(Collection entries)
++++++
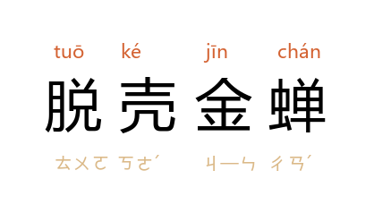 比喻用计谋脱身。元·关汉卿《谢天香》第二折:”便使尽些伎俩,千愁断我肚肠,觅不的个脱壳金蝉这一个谎。”详见“金蝉脱壳”。
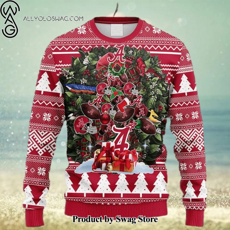NOTE: [Top-selling] NCAA Christmas Alabama Crimson Tide Tree Ugly Christmas Fleece Sweater For Men Women
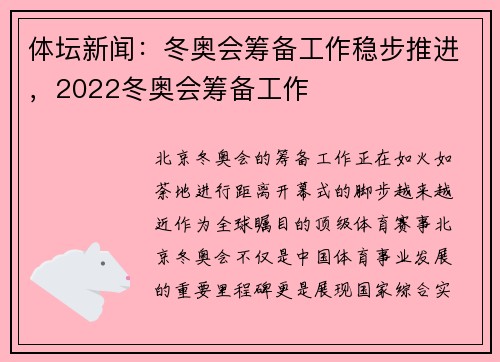 体坛新闻:冬奥会筹备工作稳步推进,2022冬奥会筹备工作
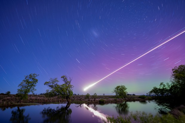 Amazing colour's of the Aurora over the South Esk River at Evandale Tasmania. Startrails and an aircraft made for a great image
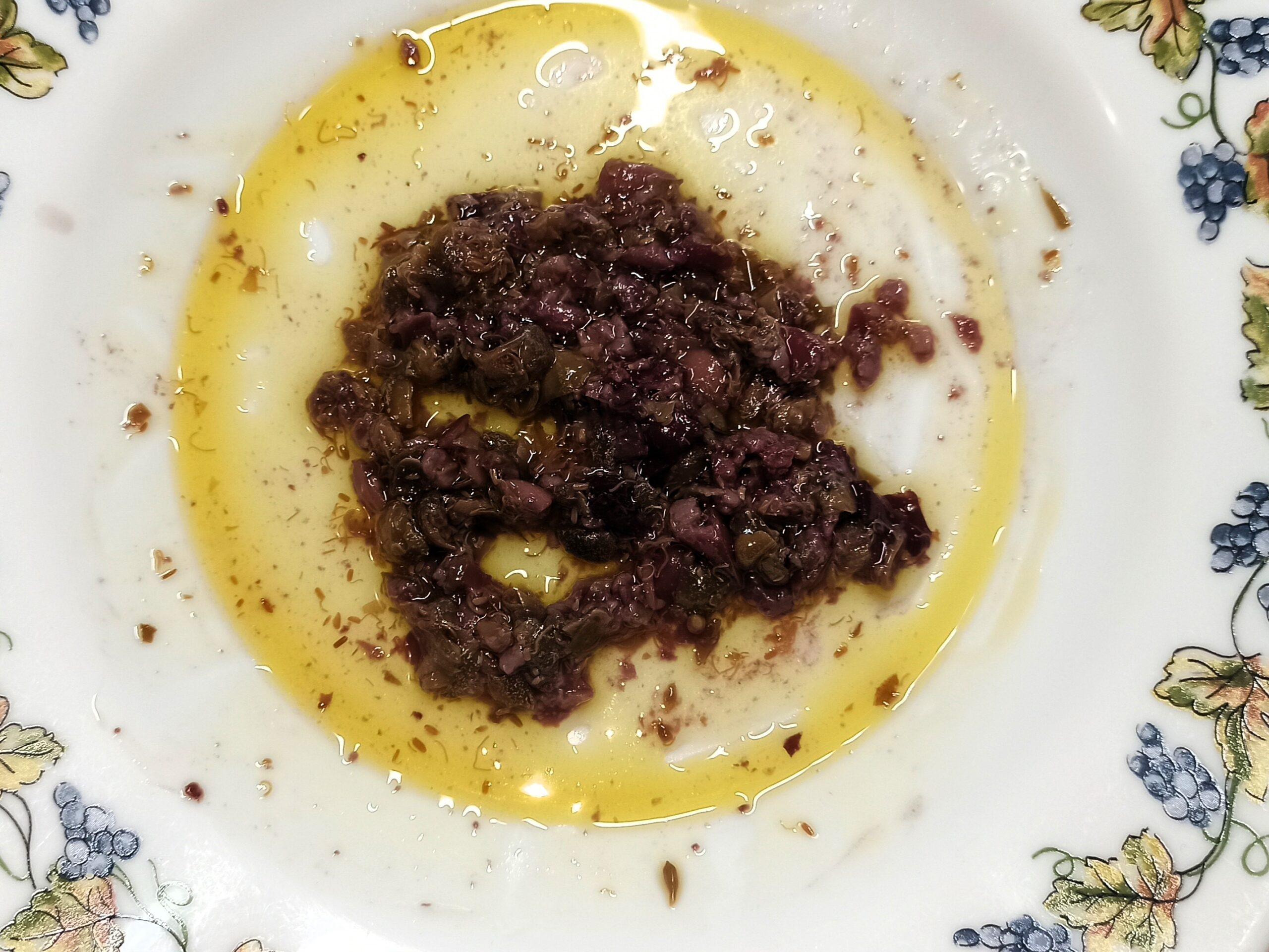 mettete la teglia in friggitrice ad aria, e fate cuocere per quindici minuti. Nel frattempo, dedicatevi a preparare il pinzimonio. In una ciotolina, premete il succo di mezzo limone, aggiungete le olive, capperi ed il prezzemolo, tutto rigorosamente tritato a mano. Mescolate bene, aggiungete olio evo a filo, sempre mescolando, in modo che tutti gli ingredienti saranno per amalgamati fra di loro.
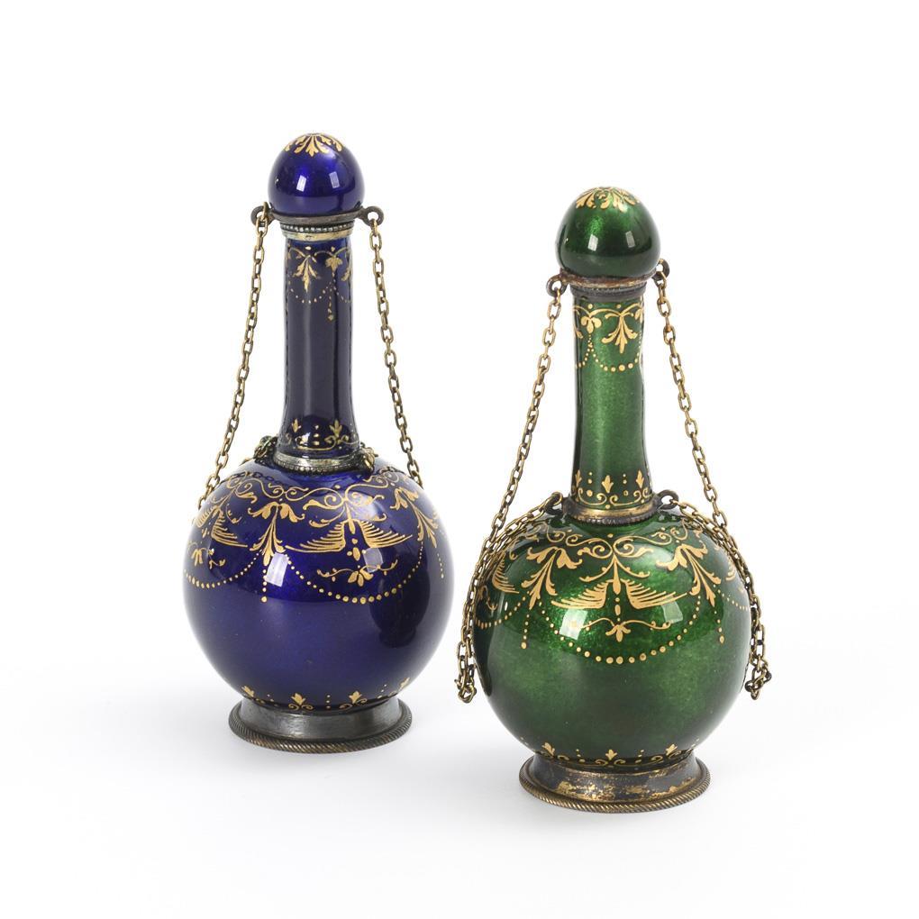 Paar Silber-Email-Flakons. Wien, Ludwig Politzer, kaiserlich und königlicher Hoflieferant.
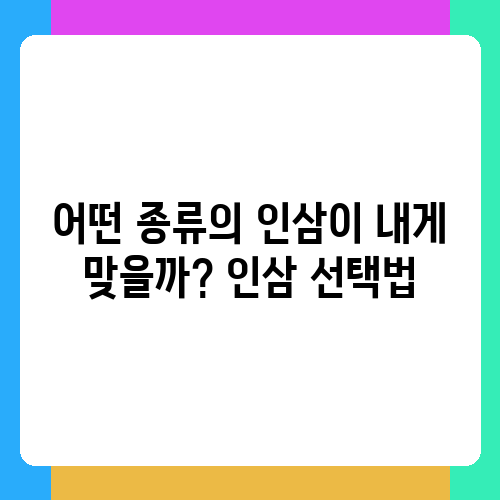 인삼에는 여러 종류가 있습니다. 홍삼, 백삼, 태극삼 등 다양한 종류의 인삼이 있으며, 각각의 효능과 특징이 조금씩 다릅니다. 어떤 종류의 인삼이 자신에게 맞는지 잘 알아보고 선택하는 것이 중요합니다. 예를 들어, 홍삼은 면역력 강화에 효과적이라고 알려져 있으며, 백삼은 열을 내리는 데 도움이 된다고 합니다. 따라서 자신의 건강 상태와 목적에 맞는 인삼을 선택하는 것이 중요하며, 필요하다면 전문가와 상담을 통해 선택하는 것도 좋은 방법입니다. 저도 처음에는 어떤 인삼을 선택해야 할지 몰라서 많은 정보를 찾아보았어요.
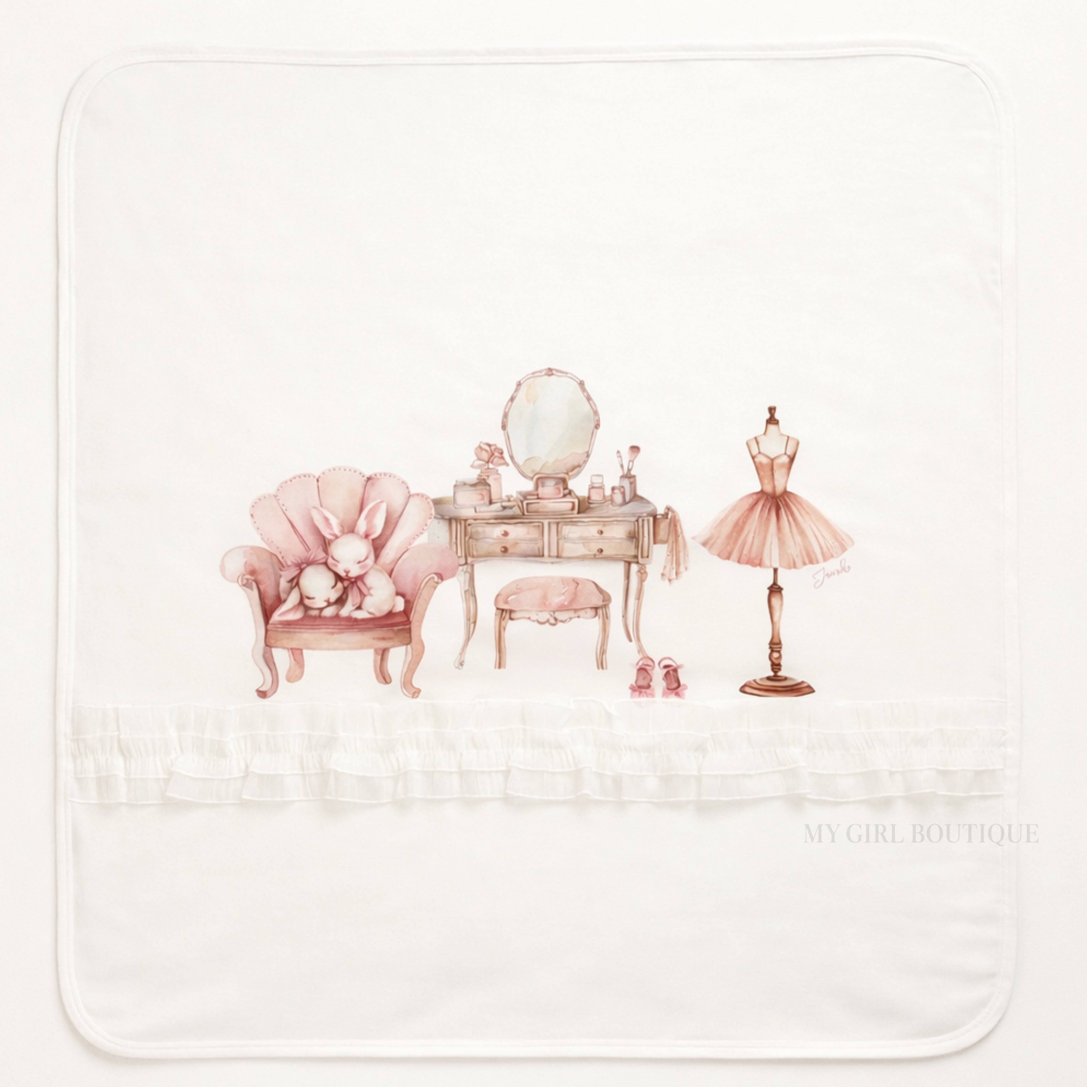 Designed in a soft white cotton, this exquisite set features a beautifully illustrated dressing-table print in delicate blush tones, creating a refined and classic look for baby girls. The babygrow is finished with a traditional Peter Pan collar and gentle frill detailing, while the matching blanket completes the set perfectly.
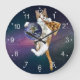 Grande Horloge Ronde Chat avec une planète et manger une pizza
++++++
**WHAT TO PRODUCE:**
Work from the entries above. Set down exactly and only the lines from the line with "NOTE: [Top-selling] NCAA" to the line with "Paar Silber-Email-Flakons. Wien, Ludwig", both included, and leave the pictures out.

**EXPECTED ANSWER:**
NOTE: [Top-selling] NCAA Christmas Alabama Crimson Tide Tree Ugly Christmas Fleece Sweater For Men Women
 体坛新闻:冬奥会筹备工作稳步推进,2022冬奥会筹备工作
 Amazing colour's of the Aurora over the South Esk River at Evandale Tasmania. Startrails and an aircraft made for a great image
 mettete la teglia in friggitrice ad aria, e fate cuocere per quindici minuti. Nel frattempo, dedicatevi a preparare il pinzimonio. In una ciotolina, premete il succo di mezzo limone, aggiungete le olive, capperi ed il prezzemolo, tutto rigorosamente tritato a mano. Mescolate bene, aggiungete olio evo a filo, sempre mescolando, in modo che tutti gli ingredienti saranno per amalgamati fra di loro.
 Paar Silber-Email-Flakons. Wien, Ludwig Politzer, kaiserlich und königlicher Hoflieferant.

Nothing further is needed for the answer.